Records provided: Begin
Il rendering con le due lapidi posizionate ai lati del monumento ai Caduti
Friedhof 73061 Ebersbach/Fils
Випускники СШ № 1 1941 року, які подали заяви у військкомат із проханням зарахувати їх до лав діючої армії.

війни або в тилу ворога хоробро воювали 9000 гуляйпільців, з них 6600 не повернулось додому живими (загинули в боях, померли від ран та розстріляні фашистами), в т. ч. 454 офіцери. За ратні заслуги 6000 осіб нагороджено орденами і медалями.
Records provided: End
Records provided: Begin
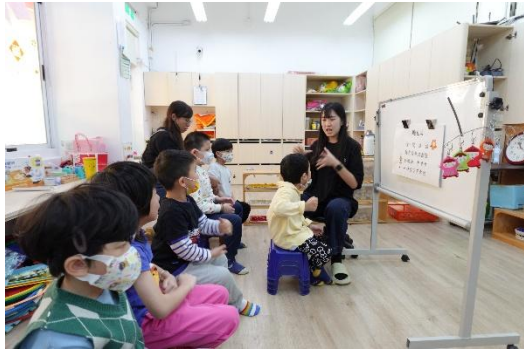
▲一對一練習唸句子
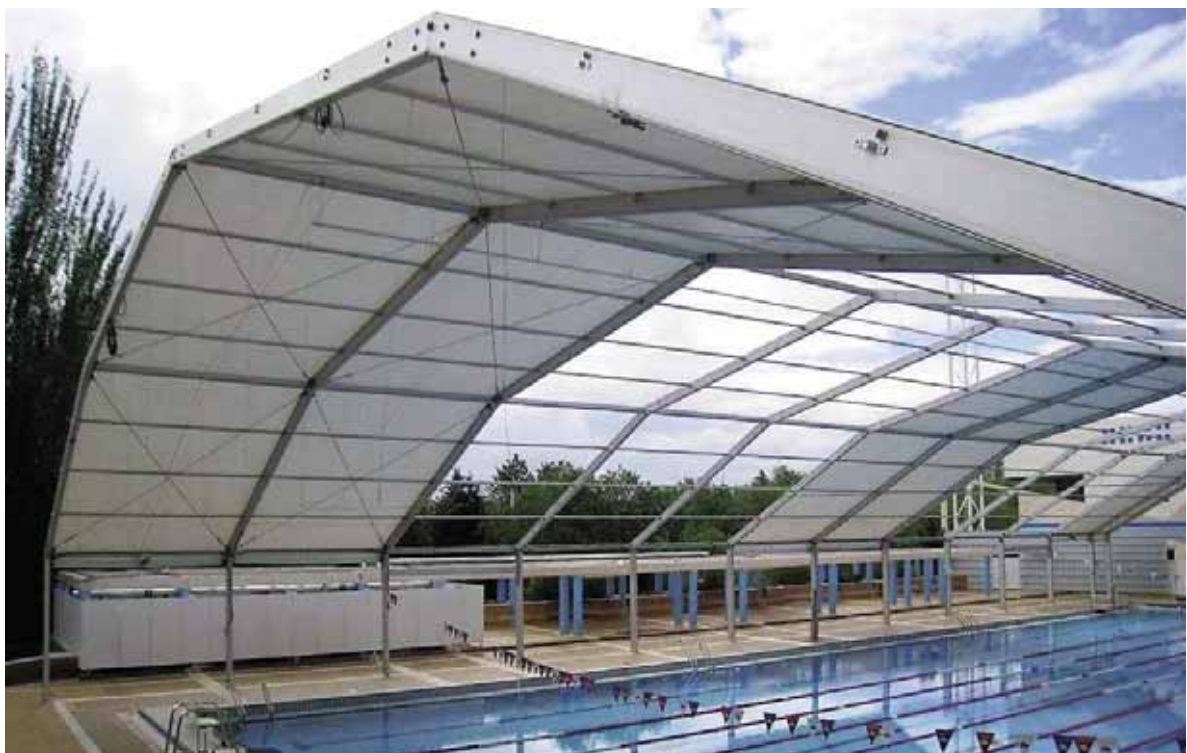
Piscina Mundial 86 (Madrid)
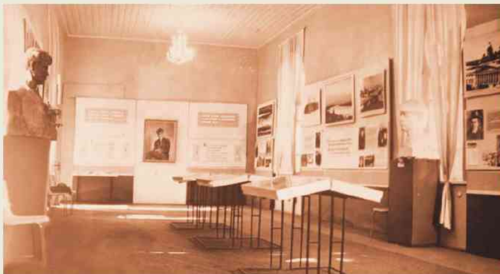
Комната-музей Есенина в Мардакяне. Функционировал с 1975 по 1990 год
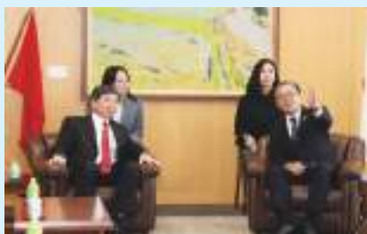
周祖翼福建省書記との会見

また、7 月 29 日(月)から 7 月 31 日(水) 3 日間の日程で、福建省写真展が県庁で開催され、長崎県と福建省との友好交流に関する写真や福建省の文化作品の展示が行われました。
Records provided: End
● Work request
From the data above, output exactly the lines between the one containing "Il rendering con" and the one containing "війни або в", counting both of them.

● Solution for this task
Il rendering con le due lapidi posizionate ai lati del monumento ai Caduti
Friedhof 73061 Ebersbach/Fils
Випускники СШ № 1 1941 року, які подали заяви у військкомат із проханням зарахувати їх до лав діючої армії.

війни або в тилу ворога хоробро воювали 9000 гуляйпільців, з них 6600 не повернулось додому живими (загинули в боях, померли від ран та розстріляні фашистами), в т. ч. 454 офіцери. За ратні заслуги 6000 осіб нагороджено орденами і медалями.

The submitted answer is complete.